When electricity first became important to businesses, looking after it was a full-time job.

“A hundred years ago, most companies had a vice president of electricity, because it was a new thing, but then we got out of the market for that,” Microsoft’s executive VP for cloud and enterprise Scott Guthrie said while talking about the changing roles of CIOs and IT departments at a recent data and AI event at the company’s headquarters in Redmond, Washington.

He then swiftly corrected himself, adding, “I actually do have a vice president of electricity generation, because we’re one of the largest energy consumers in the world now. We have wind farms…”

Electricity generation is just one of the things he worries about in his job that he’d never expected to worry about. Another is “the rate at which concrete dries.” Along with planning permissions, getting enough power and water to the site, and getting the computing hardware delivered, the speed at which concrete dries is a real factor that has to be considered when the company rolls out a new Azure data center.

On the network-backbone side, the biggest problems are storms, sharks, and fishing vessels. Marea, the new transatlantic cable Microsoft built together with Facebook and Telxius, took an unusual route and was built for reasons that aren’t the most obvious. “If you look at the map, it's the most southern of all cables,” Yousef Khalidi, corporate VP for Azure Networking, said in an interview with Data Center Knowledge, meaning Marea is the southernmost of cables that link the US and Europe and land in either New York or Virginia on the US side.

Related:PHOTOS: Marea, Facebook and Microsoft's Fat Subsea Pipe to Europe

“And the reason we added it wasn't for bandwidth or latency,” he said. “We wanted a route away from all the storms that hit the north. It's actually longer given the curvature of the earth. Most cables in the US on the east coast land pretty close to NYC; this is, by design, further south, just to have a bit of redundancy.”

The storms are out in deep water. Closer to shore, there are different problems. “Sharks and fishermen are the bane of our existence,” Khalidi said. “Sharks are attracted to the magnetic field of the cables; they like to bite on them.”

Shark teeth were found in a damaged cable off the Canary Islands in 1985. Google famously reinforces its submarine cables with Kevlar. The problem seems to be that sharks detect weak electromagnetic fields using tiny electroreceptors in their snouts.

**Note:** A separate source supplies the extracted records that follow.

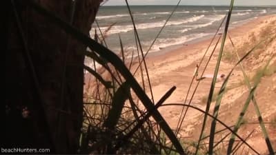 Jemand spioniert diesem Paar am Strand aus. Sie glauben, sie seien ganz allein und könnten unter vier Augen Sex haben. Sie irren sich.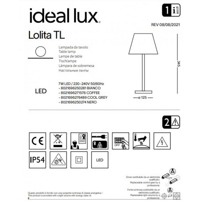 Изделия бренда Ideal Lux можно приобрести в интернет магазине светильников mir-sveta.kiev.ua. Настольная лампа серии Lolita имеет очаровательный вид, такое изделие подходит для экстерьера. Лампочек в светильнике - 1шт, мощностью 7Вт, цоколь типа LED. Световой поток составляет - 330лм . Температура свечения - 3000K.Настольная лампа Ideal Lux 276489 Lolita TL Cool Grey, 7 Вт, 330 лм, 3000K состоит из качественных материалов: металл, пластик.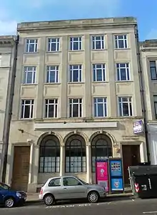 This is next to Marlborough House and Steine House on the west side of Old Steine, and is taller and set further forward than both. It was built in the early 19th century,[14] but Clayton & Black's work altered its appearance extensively. More changes were made in the early 20th century. The building now has "a more Regency character" than it did when built.[14][80]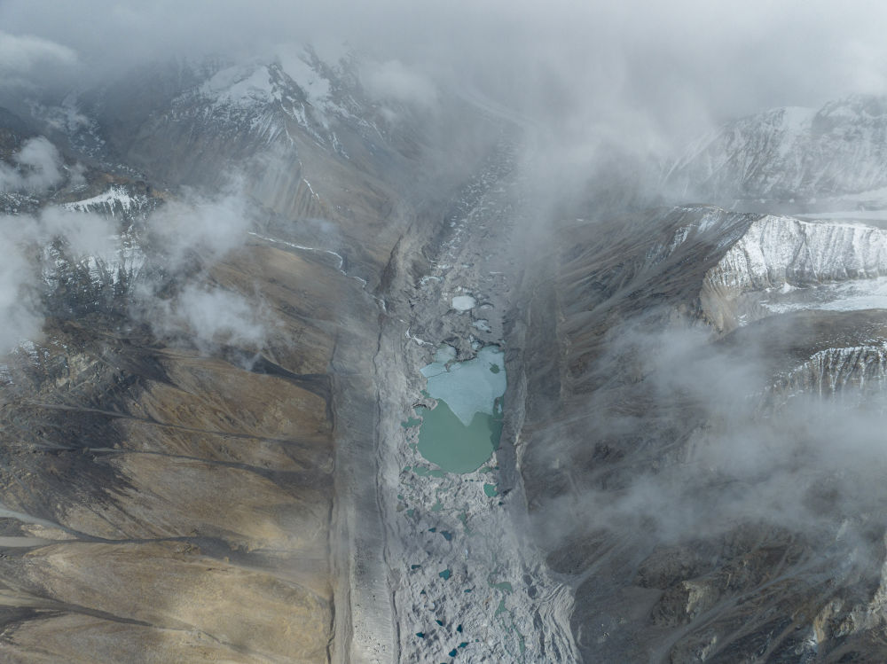 這是在海拔7000米左右高空拍攝的由絨布冰川融水形成的湖泊群(5月25日攝,無人機(jī)照片)。新華社發(fā)(旦增努布 攝)
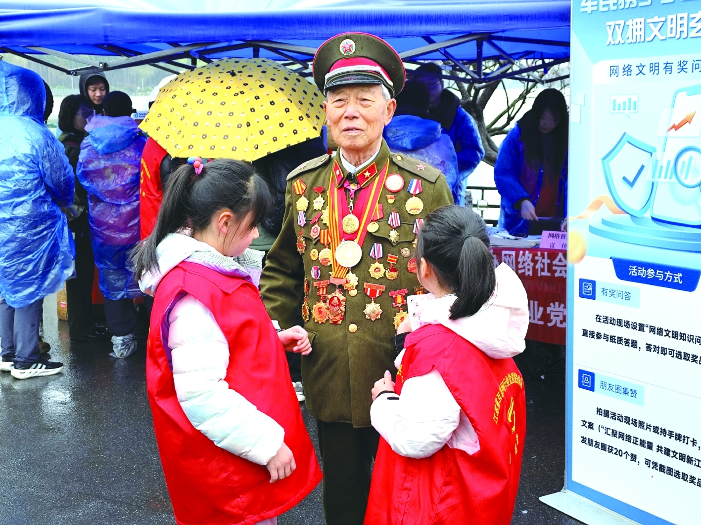 启动仪式在雨中举行。最动人的环节,要数雷锋战友赵明才的现场分享。91岁的赵明才身着旧式军装,胸前的军功章在雨幕中熠熠生辉,他用朴实的语言讲述与雷锋的并肩岁月,细数雷锋的感人事迹,字字句句饱含深情,让现场观众深受感动:雷锋不是“神”,是可学可做的普通人。雷锋精神就是一个大写的“爱”字!现场掌声雷动。雷锋传人结合自身经历,分享新时代传承雷锋精神的实践与思考,让大家明白雷锋精神从未远去,始终在身边、在日常。

While they look like freckles, the receptors have a more imposing name of “ampullae of Lorenzini.” They’re useful for navigation – the oceans produce electrical fields as they flow through the earth’s magnetic fields – and for finding prey. Sharks might be known for sensing blood in the water, but they can also sense the weak electric fields generated by the ion exchange that takes place as fish breathe sea water and urinate.

But threats to submarine data flows aren’t always this exotic. “More often, it’s trawlers and fishing nets that snag the cables,” Khalidi complained. “The only good news is typically they snag them closer to shore, and the mean time to recovery can be shorter, but we worry about the redundancy. We had one incident a few years ago in which the same fishing trawler snapped two cables in the same day, miles apart.”